▶ [Problem description]: As an exercise in exact copying, transcribe the lines below from the one holding "Разбитый крейсер IJN" through the last, with both ends included and pictures left out.

▶ [Dataset records]:

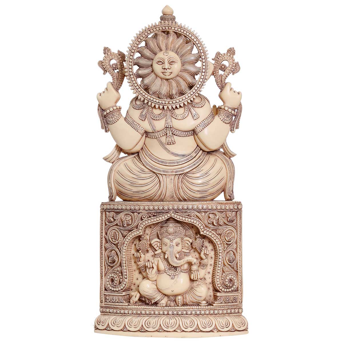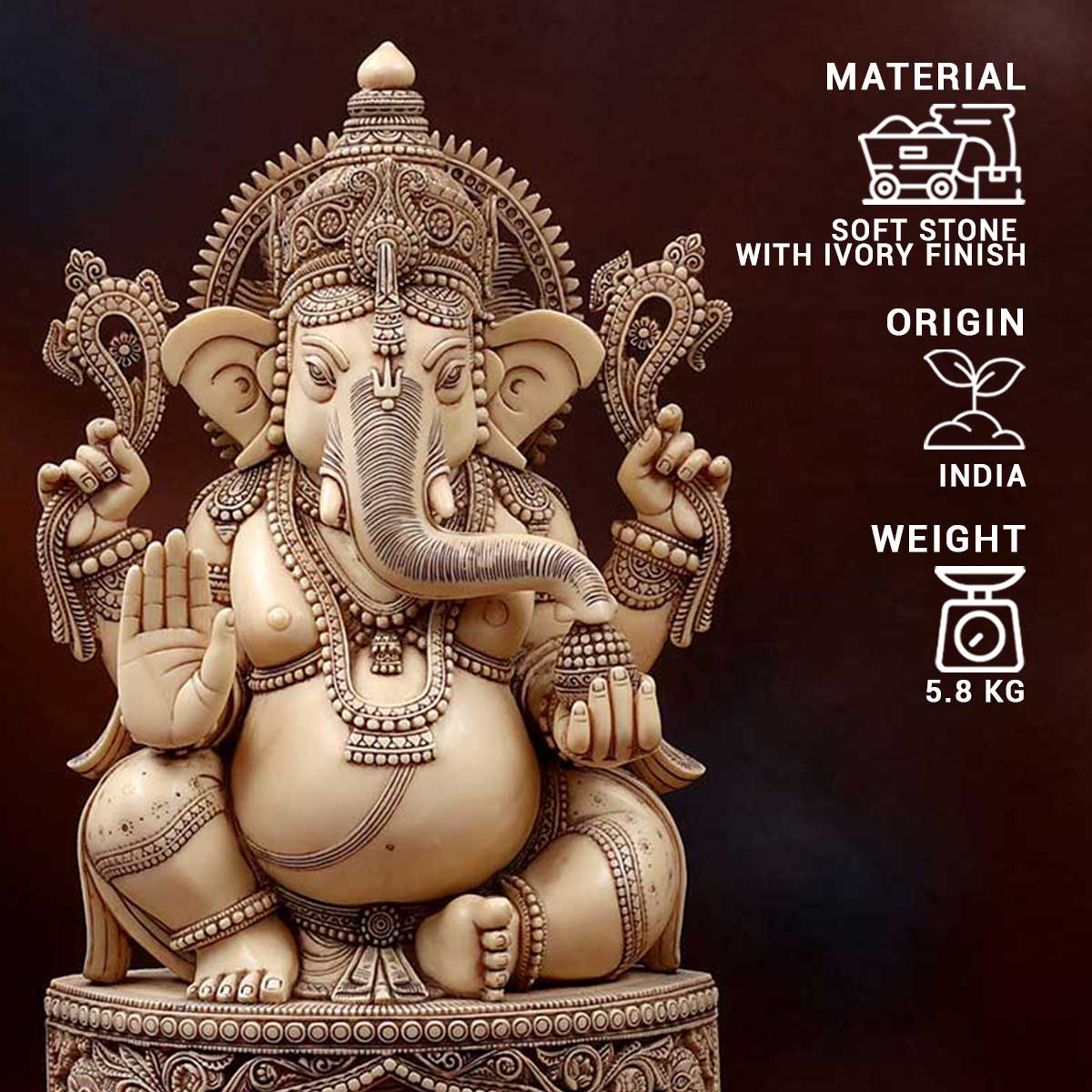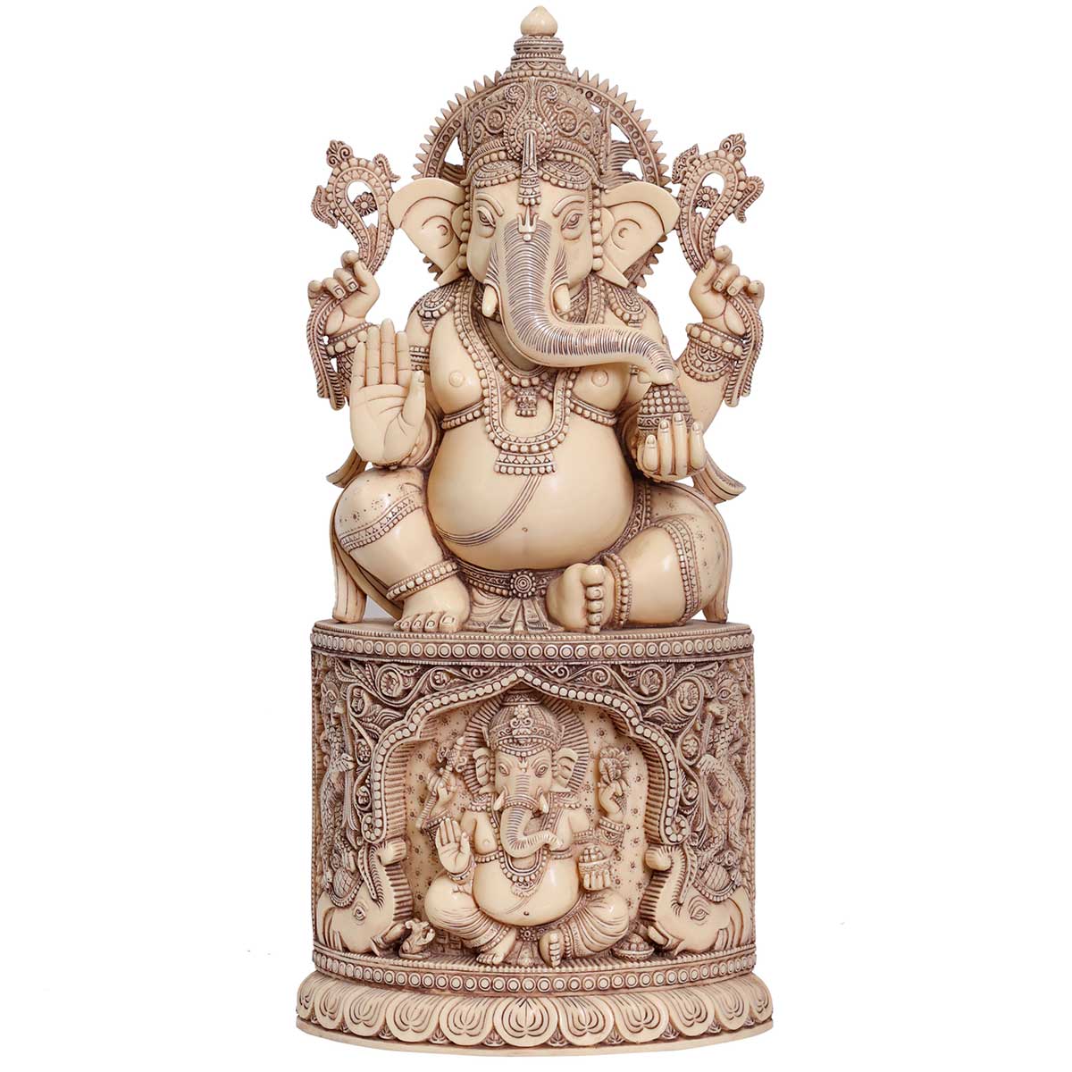 Lord Ganesha sitting on ganesha pedestal Idol Ivory made of Soft stone - 9 x 5 x 18 Inch, 5.8 Kg
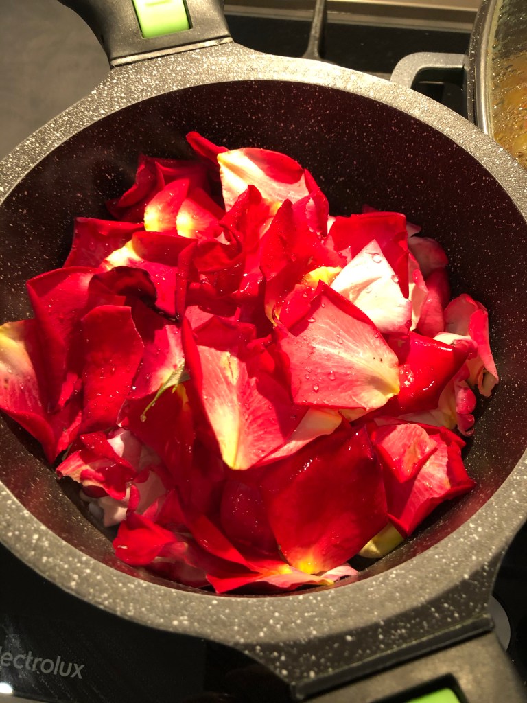 Prima di tutto preparo l”infuso di rose, porto quasi a bollore 600 gr di acqua, poi aggiungo i petali delle rose che ho lavato
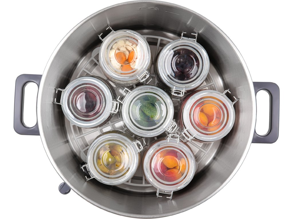 Jsem nerezový zavařovací hrnec a pojmu až 14 sklenic s objemem 1 l.
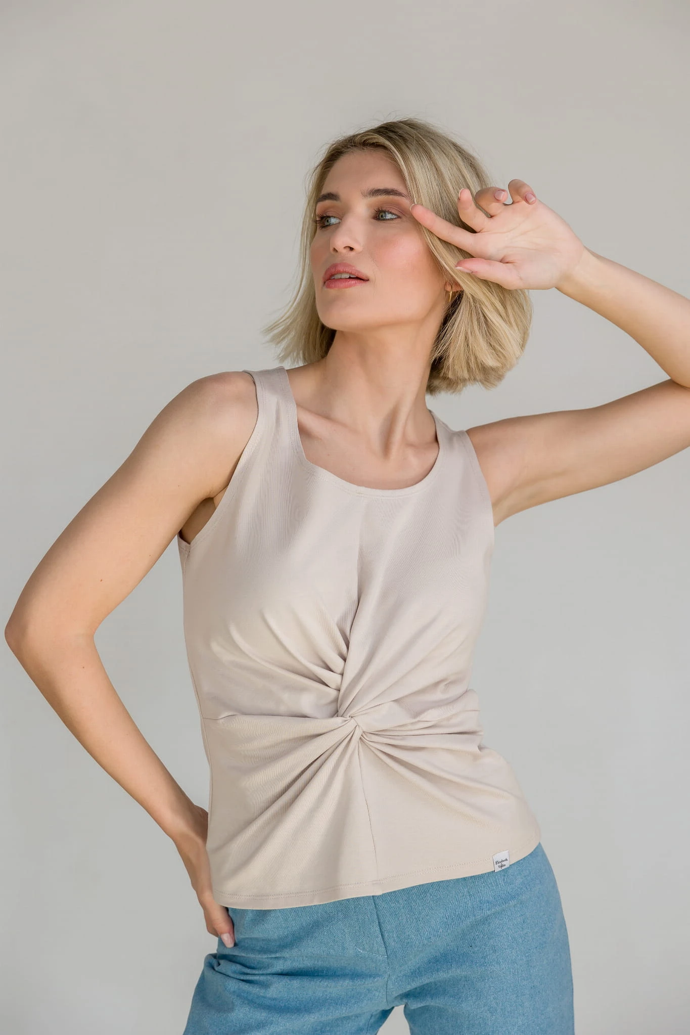 MIXY - Ganache - wiskozowa taliowana bluzka z ozdobnym węzłem w talii, okrągłym dekoltem i bez rękawków
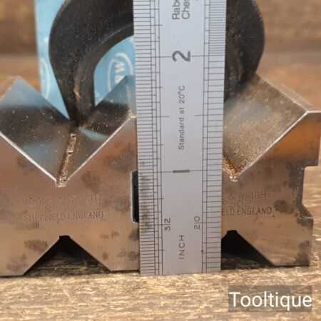 Vintage boxed Moore & Wright No: 502 V block clamps in good original condition.
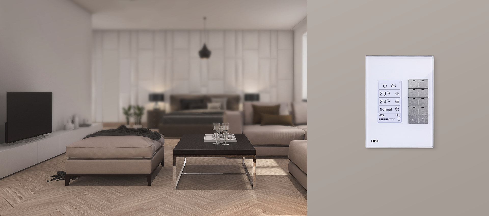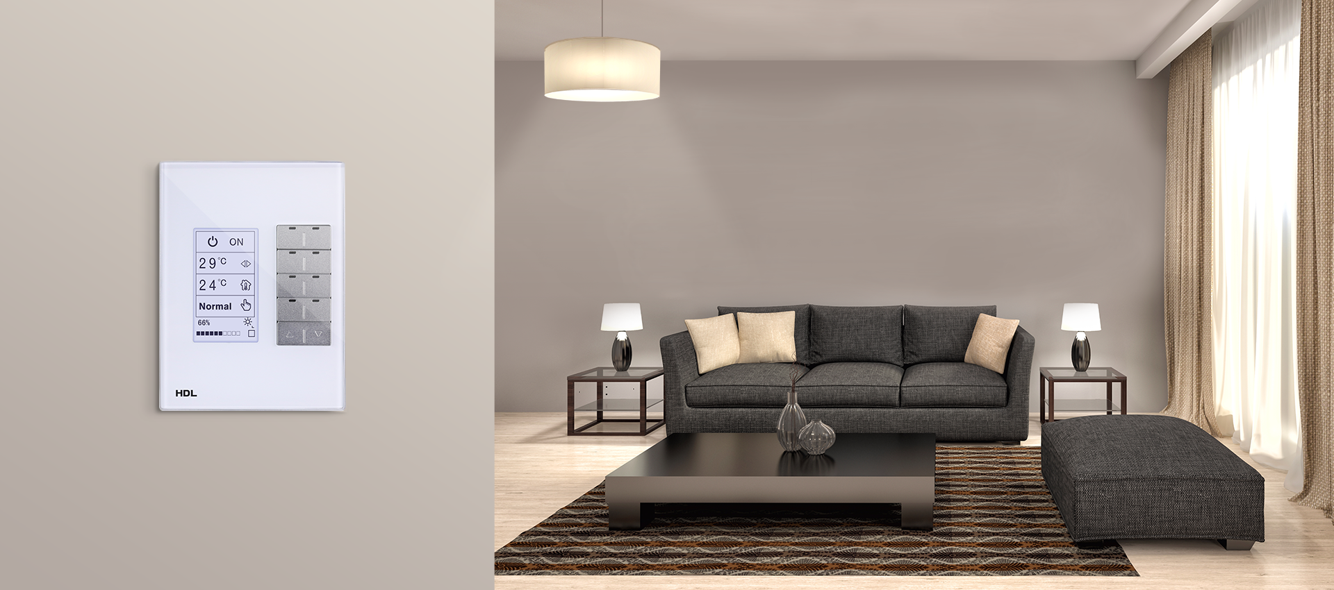 With 10 metal buttons, the DLP panel has the control pages for lighting, shading, HVAC and music. And in four of the general pages, users can change the content in LCD on programming software.
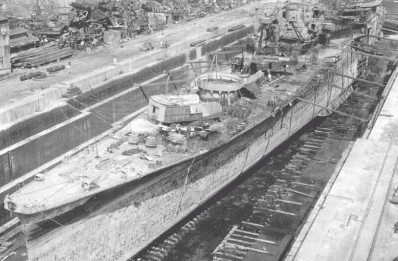 Разбитый крейсер IJN Tone, который был потоплен в Ита-Джиме летом 1945 года, был поднят в 1947 году, отбуксирован в Куре и сдан на слом в 1948 году. Это был последний сломанный военный корабль IJN весом более 3000 тонн.
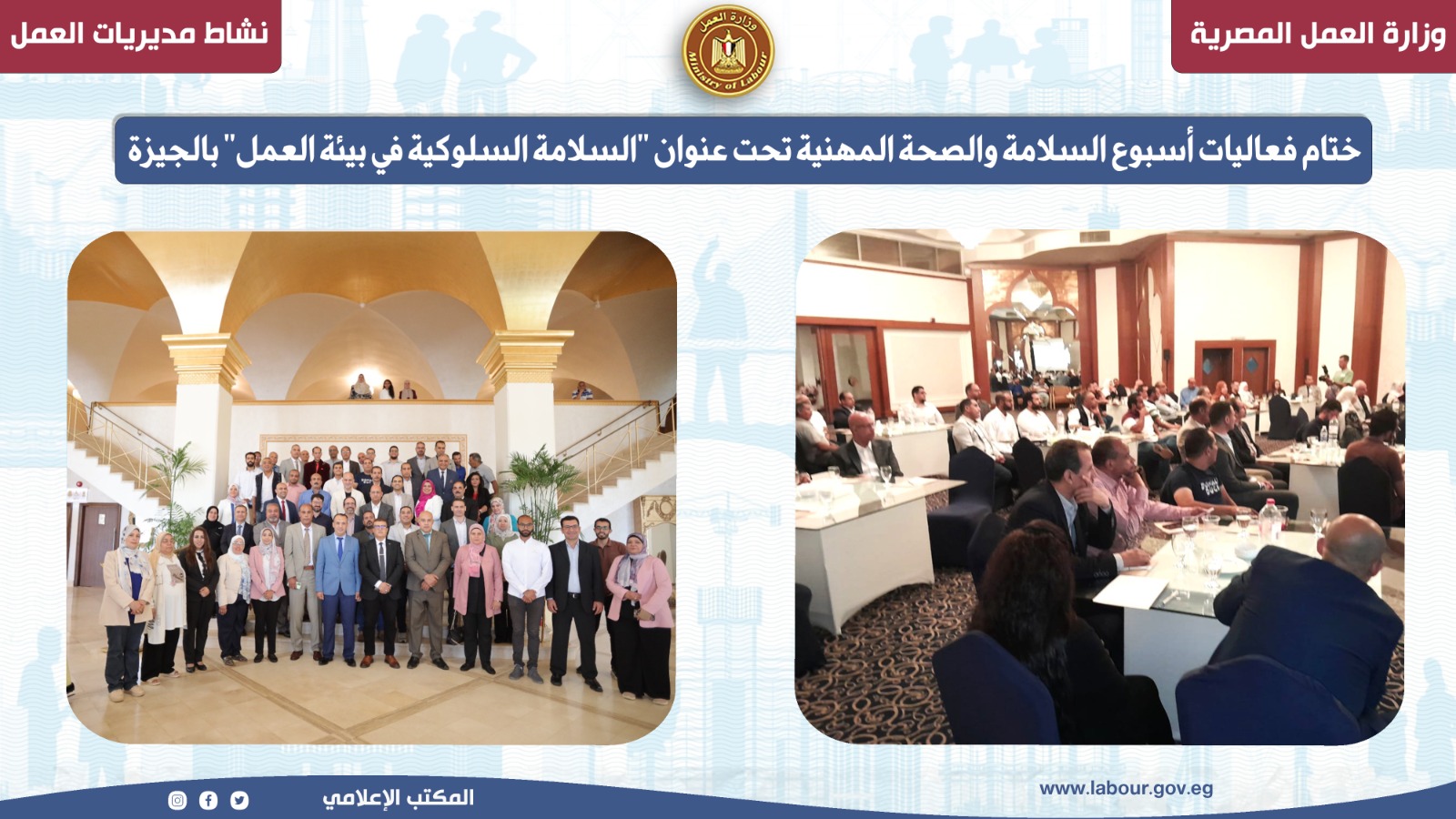 اختتمت مديرية العمل بمحافظة الجيزة فعاليات أسبوع السلامة والصحة المهنية تحت عنوان "السلامة السلوكية في بيئة العمل"، والذي أُقيم بفندق بيراميدز بارك ريزورت، وذلك برعاية وزير العمل محمد جبران، ومحافظ الجيزة المهندس عادل النجار، وبحضور المستشار خالد عبدالله مستشار وزير العمل والمشرف على الإدارة المركزية للسلامة والصحة المهنية وتأمين بيئة العمل.

▶ [Solution]:
 Разбитый крейсер IJN Tone, который был потоплен в Ита-Джиме летом 1945 года, был поднят в 1947 году, отбуксирован в Куре и сдан на слом в 1948 году. Это был последний сломанный военный корабль IJN весом более 3000 тонн.
 اختتمت مديرية العمل بمحافظة الجيزة فعاليات أسبوع السلامة والصحة المهنية تحت عنوان "السلامة السلوكية في بيئة العمل"، والذي أُقيم بفندق بيراميدز بارك ريزورت، وذلك برعاية وزير العمل محمد جبران، ومحافظ الجيزة المهندس عادل النجار، وبحضور المستشار خالد عبدالله مستشار وزير العمل والمشرف على الإدارة المركزية للسلامة والصحة المهنية وتأمين بيئة العمل.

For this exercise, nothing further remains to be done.